A few weeks after a woman was struck and killed by an Uber self-driving SUV in Arizona, the crash was recreated using heat-seeking thermal-imaging sensors. With that night vision technology – used by the military and luxury cars for decades – the pedestrian is clearly identified more than five seconds before impact, which would have given the car time to stop or swerve.

Autonomous car researchers have been looking for ways to teach robots how to drive in the dark and avoid people who wander into the road. One fairly obvious solution has been in some cars for almost 20 years: night vision that can detect the heat of a human body.

Companies such as Seek Thermal, which recreated the Uber crash, and headlight makers such as Osram have been pushing thermal and infrared sensors as the missing link in autonomous driving, according to thestar.com. And since the Uber crash – where a woman walking her bicycle wasn’t recognised as a pedestrian in time to avoid a collision – the creators of robot rides are starting to take notice.

Night vision can more than double an autonomous vehicle’s range of vision at night, according to advocates for the technology, but it has a reputation for being costly, with thermal sensing units going for $5,000 each.
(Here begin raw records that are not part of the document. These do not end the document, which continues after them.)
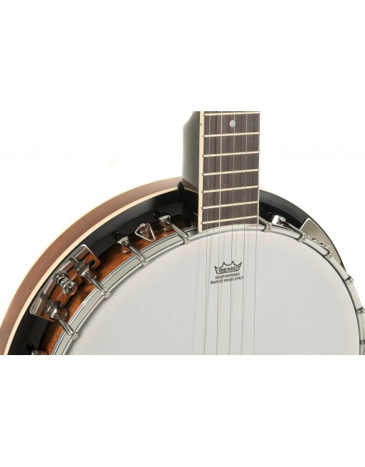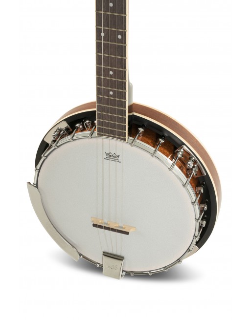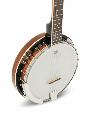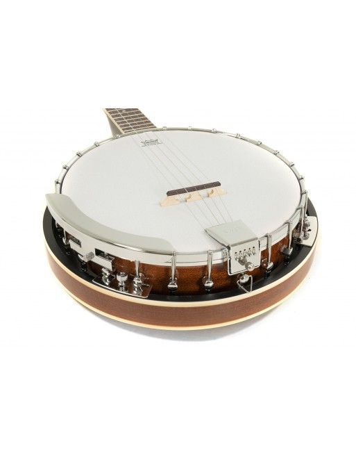 Le modèle idéal pour débutant: Corps en acajou (Ø 33 cm) avec 1 barre de coordination, un manche en acajou réglable, une peau orig.REMO Weatherking ( diamètre 29 cm) et accastillage chromé. Caractéristique importante: tous les modèles sont équipés de mécaniques de guitare, pour faciliter l'accordage aux débutants. Tous les banjos sont livrés avec étui..
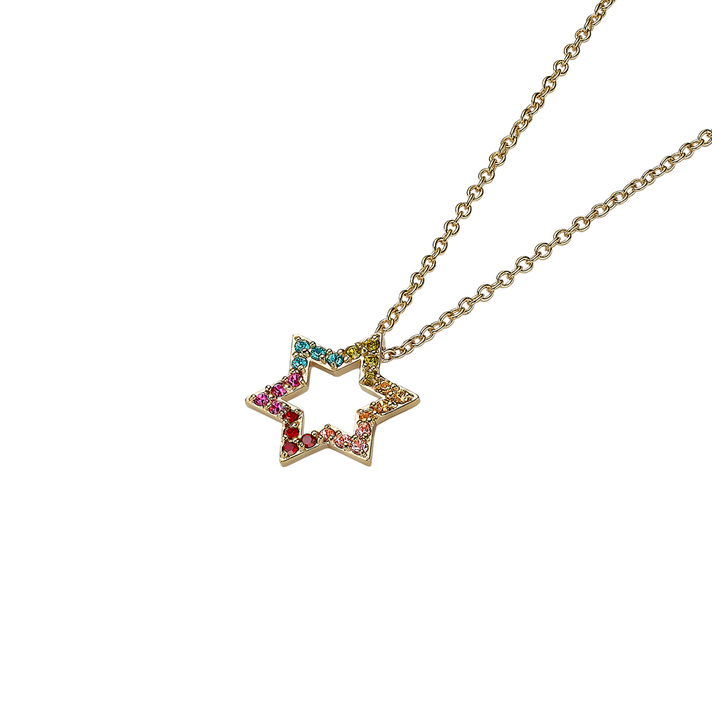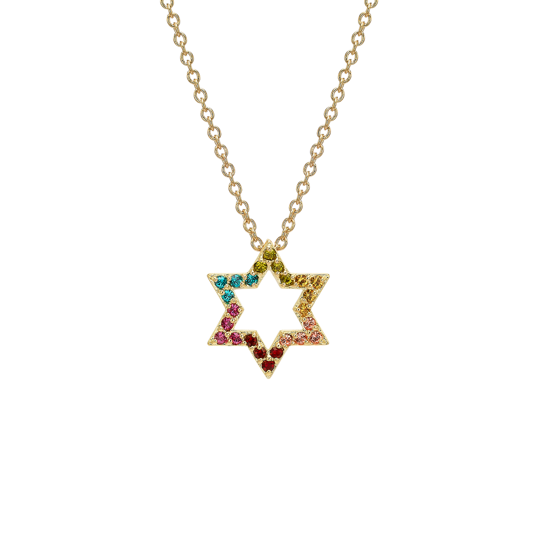 Star of David necklace, 18K gold plated, inlaid with colorful zirconia stones
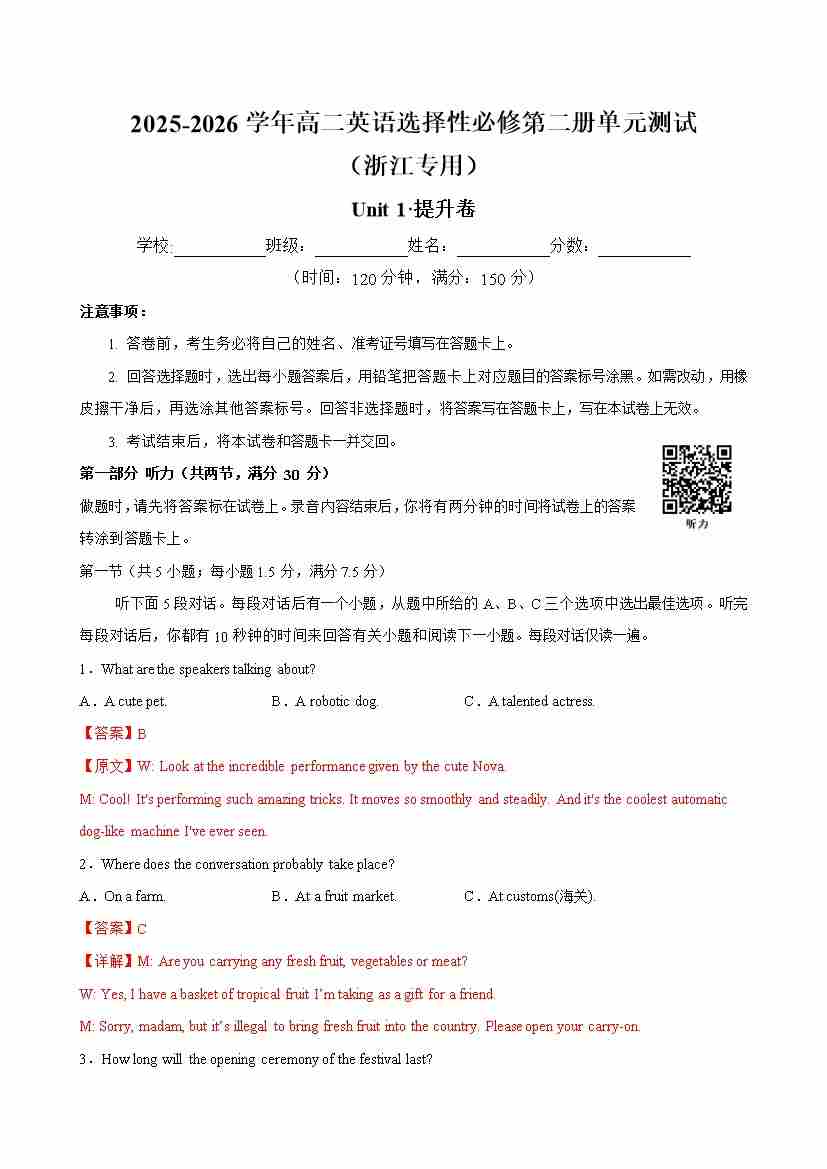 高二英语选择性必修第二册Unit 1单元测试·浙江专用(教师版)
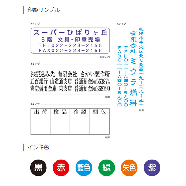 [インキ色]黒・赤・藍色・緑・朱色・紫
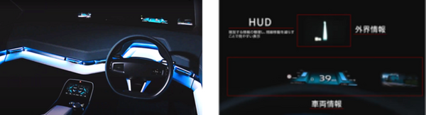 「コックピットコンセプト」には『人にやさしい』をテーマに、ドライバーの安全性に配慮した工夫が散りばめられている。車両情報や外界情報などの情報をフロントガラスに投影するヘッドアップディスプレイによって、ドライバーの視線移動を低減し、脇見運転など視線移動に伴う事故の防止に寄与。また、車内照明によって後方から近づく自転車等の情報をドライバーに注意喚起、手動運転と自動運転の切り替えを知らせるなど、車内のアンビエント照明もインテリアとしてだけでなくドライバーへの情報伝達の手段として活用している。

That’s a reason auto and tech companies creating robot rides are taking a pass on the tech.

Lidar and radar are impervious to the dark because they bounce laser light and radio waves off objects to assess shape, size and location. But they can’t detect heat to determine if those objects are living things. That’s why pedestrian detection could remain a challenge for self-driving cars.

“For lidar, the question is, ‘Is it a fire hydrant or is it a 4-year-old?’” said Tim LeBeau, vice president of Seek Thermal, who’s trying to get automakers to buy his company’s infrared sensors that are now used by law enforcement, firefighters and hunters. “With fire hydrants, you can predict what’s going to happen. Four-year-olds, you cannot.”

Part of LeBeau’s pitch is that the cost of thermal sensors is dropping about 20% a year as they become more widely used. The National Transportation Safety Board’s report on the Uber crash also provided more fodder. The agency’s preliminary findings bolstered the case for using redundant sensors that can better differentiate between inanimate objects and human beings, he said.

Advocates of the technology are hoping automakers can see night vision as more than a tech toy for moneyed motorists to recognise stags bounding onto a gloomy roadway. They contend it’s an essential element of machine vision, enabling self-driving cars to brake and steer in the dark better than any human driver.